» Task brief
From the first line to the last, give the material again exactly, without the images.
Top of Data shown
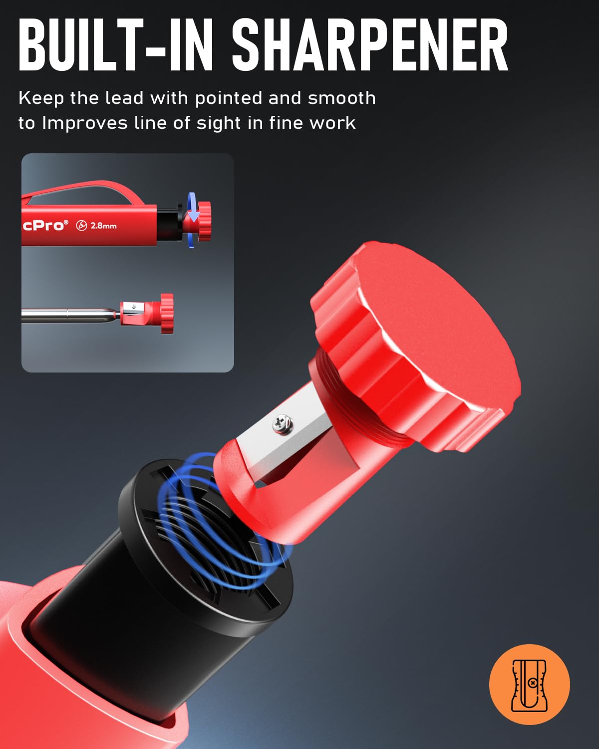 • Deep Hole Marker with Integrated Sharpener The 45mm elongated tip reaches into screw slots, drill holes, and tight gaps that ordinary pencils cannot. Each pencil includes a sharpener in the cap, so your leads stay precise and sharp for clear, accurate markings every time
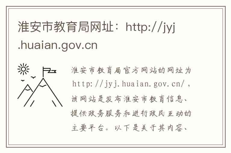 淮安市教育局官方网站的网址为 http://jyj.huaian.gov.cn/ ,该网站是发布淮安市教育信息、提供政务服务和进行政民互动的主要平台。以下是关于其内容、服务及联系方式的详细说明。
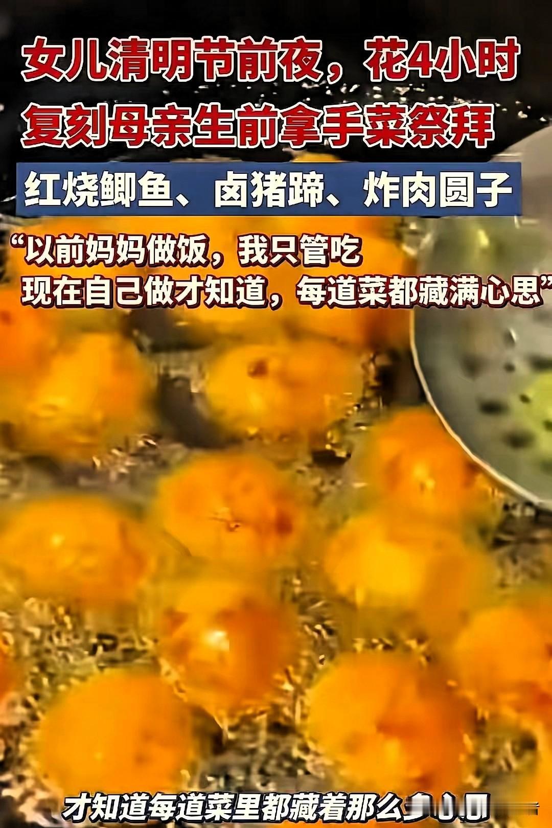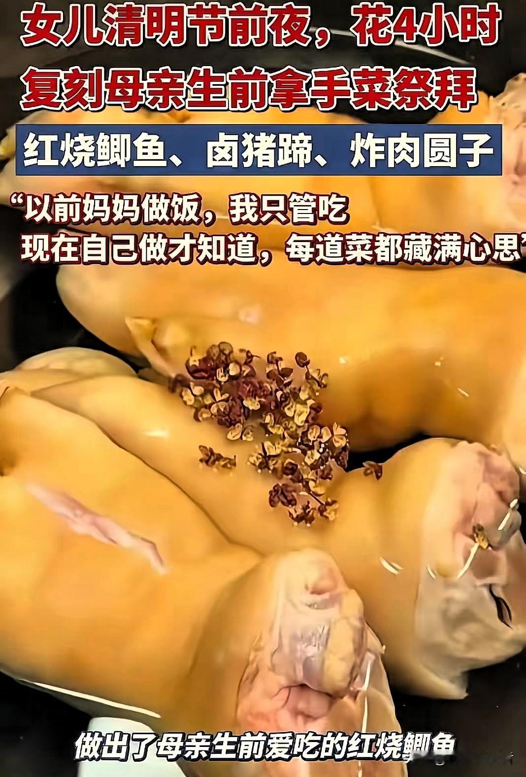“太揪心了!”湖北武汉,37岁女子清明祭拜去世母亲,她没送鲜花,也没拿多余祭祀用品,只带了卤猪蹄、红烧鲫鱼、炸肉圆子3道菜,红着眼眶摆在墓碑前,本以为这是女子的拿手菜,结果她一句话让人破防了。
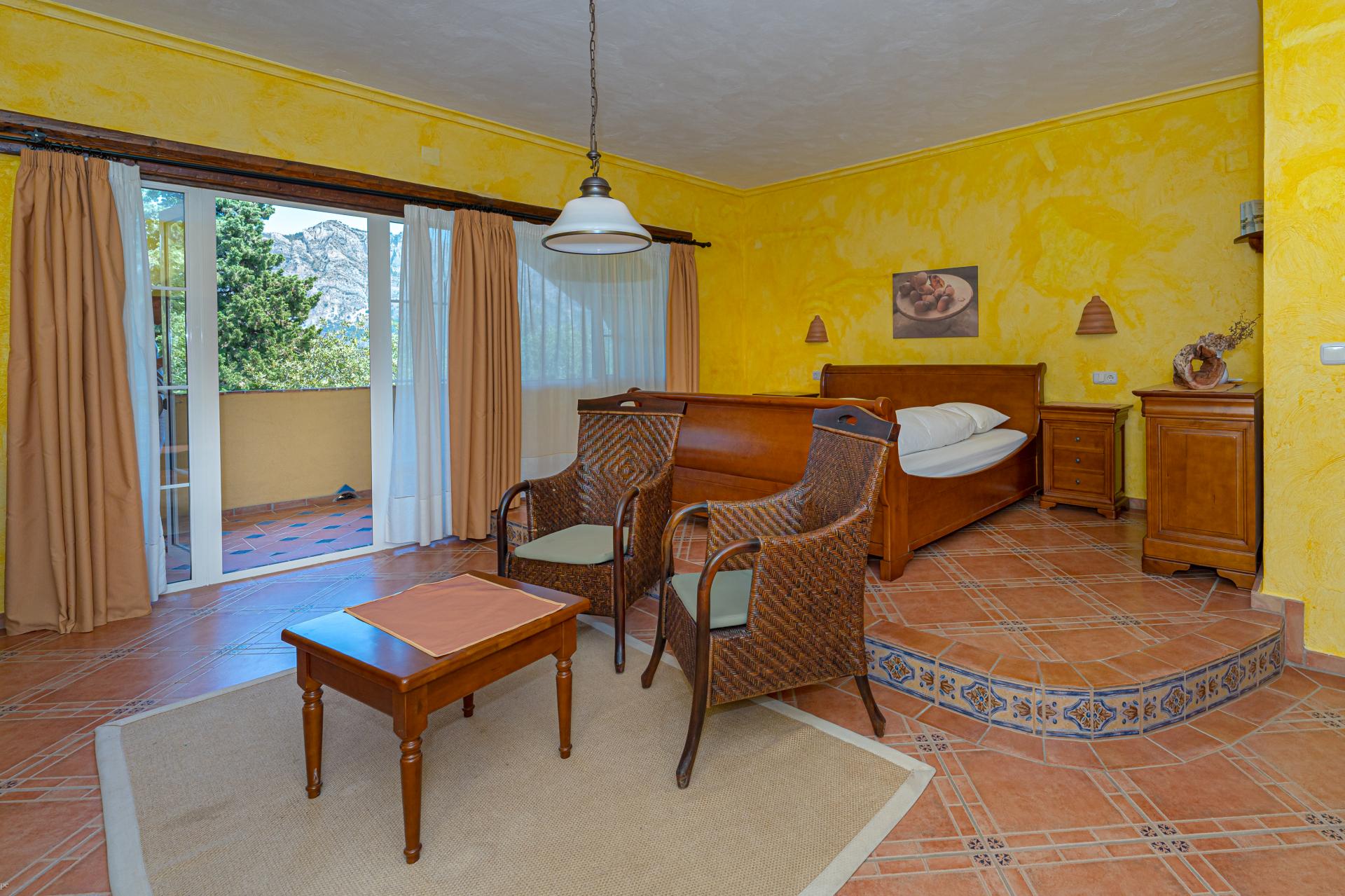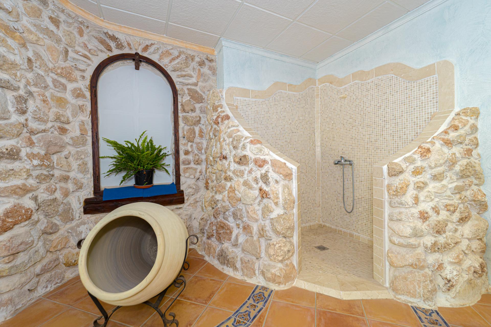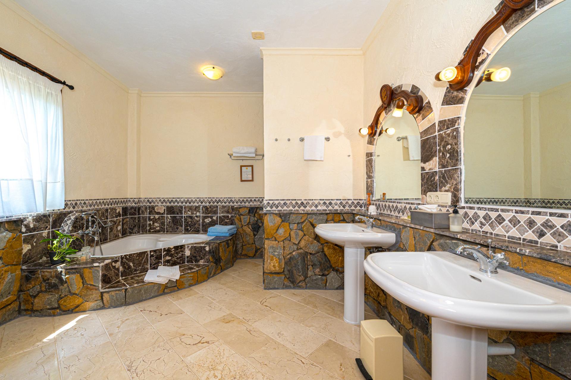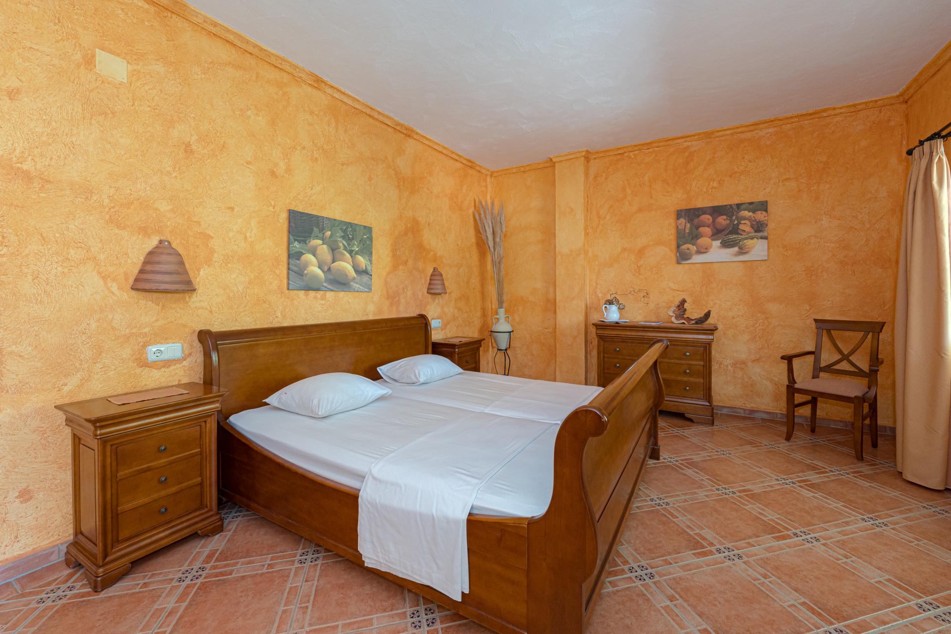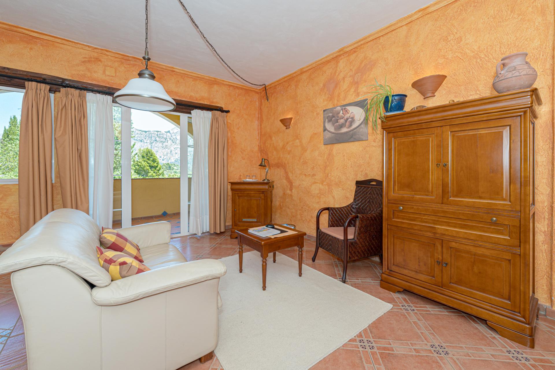 The main house is a grand yet welcoming villa, brimming with rustic elegance and classic warmth. Terracotta tiles underfoot and timber-beamed ceilings speak to its heritage, while modern comforts are woven subtly throughout. The eight bedroom suites, each with their own bathrooms and quiet seating areas or balconies, are designed for privacy and peace. Shared spaces are expansive, yet soulful—lounges for storytelling, dining areas that stretch into the garden, and a beautiful indoor bar for winter evenings by candlelight. The guest finca, just a short stroll away, offers four further ensuite bedrooms, rustic lounges, and its own bar and pergola terrace—an ideal setting for long lunches, private stays, or memorable family events. And yet, the true magic lies in the moments between: a carved bench under a fig tree, a morning coffee on a shaded veranda, the quiet hush of dusk as birds settle in the trees. This is a home that reveals itself slowly and rewards those who linger.
Bottom of Data shown
» Solution to the exercise
 • Deep Hole Marker with Integrated Sharpener The 45mm elongated tip reaches into screw slots, drill holes, and tight gaps that ordinary pencils cannot. Each pencil includes a sharpener in the cap, so your leads stay precise and sharp for clear, accurate markings every time
 淮安市教育局官方网站的网址为 http://jyj.huaian.gov.cn/ ,该网站是发布淮安市教育信息、提供政务服务和进行政民互动的主要平台。以下是关于其内容、服务及联系方式的详细说明。
“太揪心了!”湖北武汉,37岁女子清明祭拜去世母亲,她没送鲜花,也没拿多余祭祀用品,只带了卤猪蹄、红烧鲫鱼、炸肉圆子3道菜,红着眼眶摆在墓碑前,本以为这是女子的拿手菜,结果她一句话让人破防了。
 The main house is a grand yet welcoming villa, brimming with rustic elegance and classic warmth. Terracotta tiles underfoot and timber-beamed ceilings speak to its heritage, while modern comforts are woven subtly throughout. The eight bedroom suites, each with their own bathrooms and quiet seating areas or balconies, are designed for privacy and peace. Shared spaces are expansive, yet soulful—lounges for storytelling, dining areas that stretch into the garden, and a beautiful indoor bar for winter evenings by candlelight. The guest finca, just a short stroll away, offers four further ensuite bedrooms, rustic lounges, and its own bar and pergola terrace—an ideal setting for long lunches, private stays, or memorable family events. And yet, the true magic lies in the moments between: a carved bench under a fig tree, a morning coffee on a shaded veranda, the quiet hush of dusk as birds settle in the trees. This is a home that reveals itself slowly and rewards those who linger.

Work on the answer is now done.